(Stored data begins)
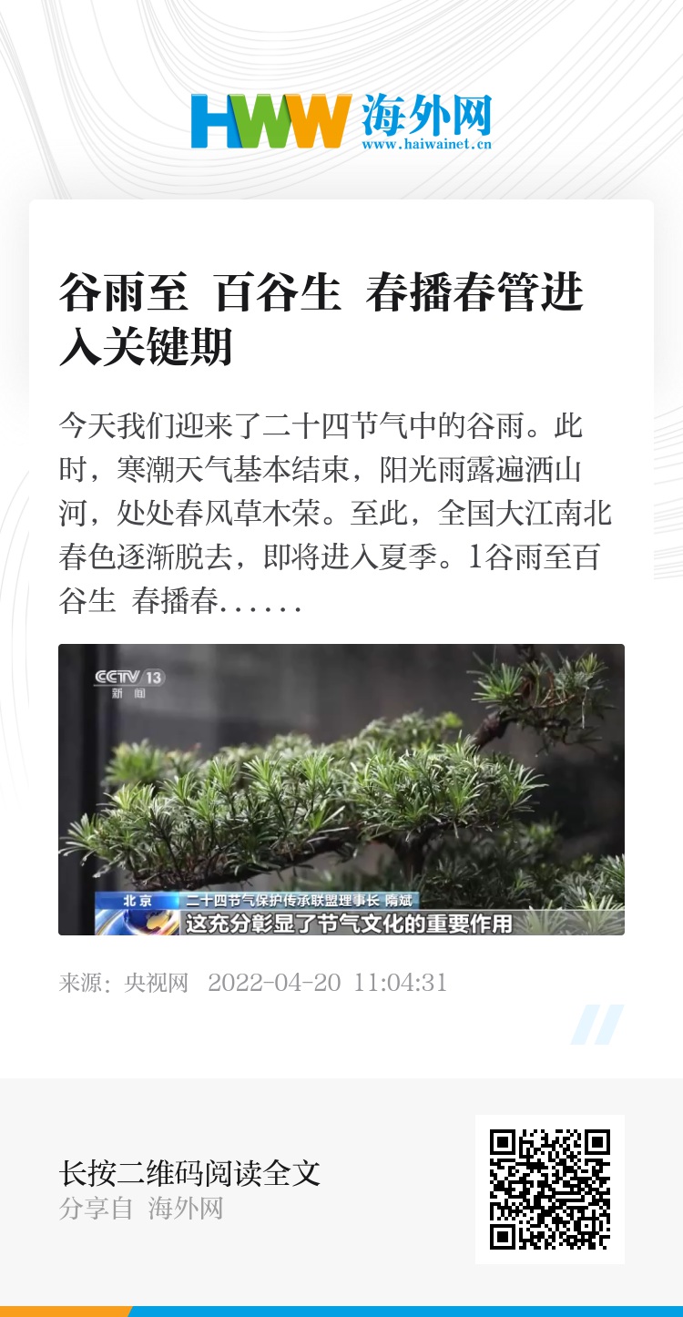 1谷雨至百谷生 春播春管进入关键期
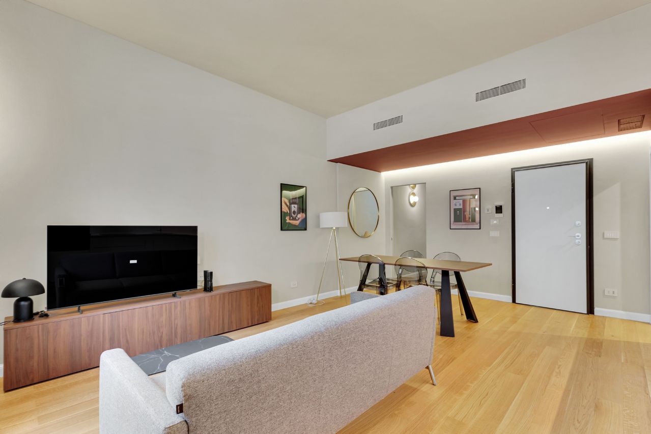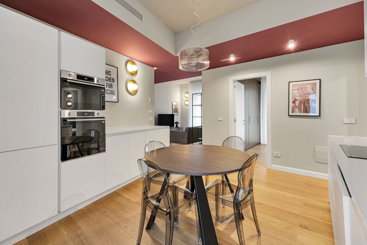 Trilocale di prestigio in affitto con vista nel quartiere della Darsena. Zona living con cucina open space, suite matrimoniale e stanza singola. Completa l'appartamento l'arredamento fisso e mobile.
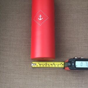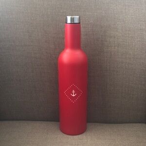 Great traveling red bottle with white anchor design that can be used for water or wine to keep fluids cold. Only used a few times as can be seen by pic of inside bottle. Has very minor dents on bottom.
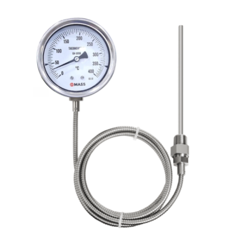 Đồng hồ nhiệt độ dạng dây, đồng hồ nhiệt độ mao dẫn, đồng hồ đo nhiệt độ có dây là đồng hồ đo nhiệt độ có dây dây nối từ mặt đồng hồ và đầu dò cảm biến nhiệt độ được sử dụng để đo nhiệt độ của chất lỏng, chất khí ăn mòn và không ăn mòn trong tất cả các ngành công nghiệp.
(Stored data ends)
Exercise directions: From the line containing "Great traveling red" through the last line of the listing, inclusive, transcribe every line exactly and nothing else; the pictures stay out.

Exercise response:
 Great traveling red bottle with white anchor design that can be used for water or wine to keep fluids cold. Only used a few times as can be seen by pic of inside bottle. Has very minor dents on bottom.
 Đồng hồ nhiệt độ dạng dây, đồng hồ nhiệt độ mao dẫn, đồng hồ đo nhiệt độ có dây là đồng hồ đo nhiệt độ có dây dây nối từ mặt đồng hồ và đầu dò cảm biến nhiệt độ được sử dụng để đo nhiệt độ của chất lỏng, chất khí ăn mòn và không ăn mòn trong tất cả các ngành công nghiệp.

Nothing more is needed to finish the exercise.